В двух шагах от себя он увидел того самого венна, что утром входил в городские ворота. Венн не спеша выпрямлялся, бережно держа на ладонях корзинку с лепёшками. Он поймал её возле самой земли, припав к мостовой змеиным движением воина, уходящего от удара меча. Лепёшки высились непотревоженной горкой. Йарра мимолётно подумал: вот уж кто нипочём не уронит, хоть вдесятером ноги ему подставляй. Летучая мышь, невозмутимо сидевшая у венна на плече, уже принюхивалась к добыче. Йарра видел, как шевелился и влажно подрагивал любопытный нос.

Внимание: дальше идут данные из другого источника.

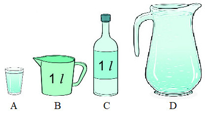 Vì: Cốc A đựng ít hơn 1 \(l\) nước, bình D đựng nhiều hơn 1 \(l\) nước, do đó cốc A đựng ít nước hơn bình D.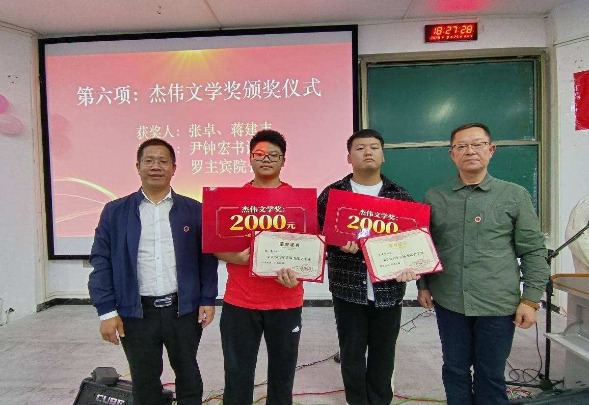 为传承文学薪火、激励青年学子深耕创作,9月25日,贝博文学院举行首届“杰伟文学奖”颁奖仪式。文学院党总支书记尹钟宏、院长罗主宾出席。

Мальчик поднялся и встал перед чужеземцем, глядя ему в глаза и беспомощно сжимая кулаки. Как говаривали про таких дома: пришли да взяли – и поминай как звали. Не отдаст ведь. И управы на него… Тормара позвать?… Пока туда да обратно, а и пойдёт ли ещё, чего доброго, оплеуху отвесит и с места не сдвинется. И как потом жить?… Даже назад к Восточным воротам уже не сунешься: срам…

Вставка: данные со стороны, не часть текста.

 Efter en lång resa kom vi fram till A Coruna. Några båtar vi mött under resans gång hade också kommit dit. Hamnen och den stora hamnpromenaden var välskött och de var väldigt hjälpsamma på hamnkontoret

– Куда нёс? – неожиданно спросил венн, и Йарра понял, что Отец Небо сотворил ещё одно чудо. Второе за полдня. Чудо состояло в том, что венн говорил на языке отца Йарры. Потом произошло третье чудо. Венн протянул вздрогнувшему мальчику его плетёнку: – Держи… Пошли, провожу, пока опять не обидели.

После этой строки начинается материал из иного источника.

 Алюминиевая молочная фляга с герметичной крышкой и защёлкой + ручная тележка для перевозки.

Йарра уже привык, что люди, посулив что-нибудь, в последний момент отдёргивали ладонь… От человека, говорившего на языке его отца, грех было ждать подлости. Он протянул руки и взял корзинку. Его трясло, губы прыгали, но он не заплакал. Он повернулся и молча пошёл к трактиру Стоума. Венн зашагал следом. В двух шагах от порога, когда уже виден был стоявший при двери Тормар, Йарра запоздало сообразил, что венна следовало бы поблагодарить, и остановился. Плетёнка мешала как следует поклониться, и Йарра просто нагнул голову и впервые за долгое, долгое время прошептал на родном языке:
– Спасибо, достойный человек…
Он так привык изъясняться на ломаном нарлакском, а то и вовсе немо размахивать руками, что эти простые слова изумили его самого. Как всё-таки удивительно и прекрасно, когда можно к кому-то обратиться словами настоящей речи, зная, что тебя поймут. И ответят. Йарра вспомнил, сколько раз его лупили за «тарабарщину», на которой, по мнению местных, впору было изъясняться только нечистому духу. Он даже успел подумать: завтра этого венна уже здесь не будет, а значит… значит…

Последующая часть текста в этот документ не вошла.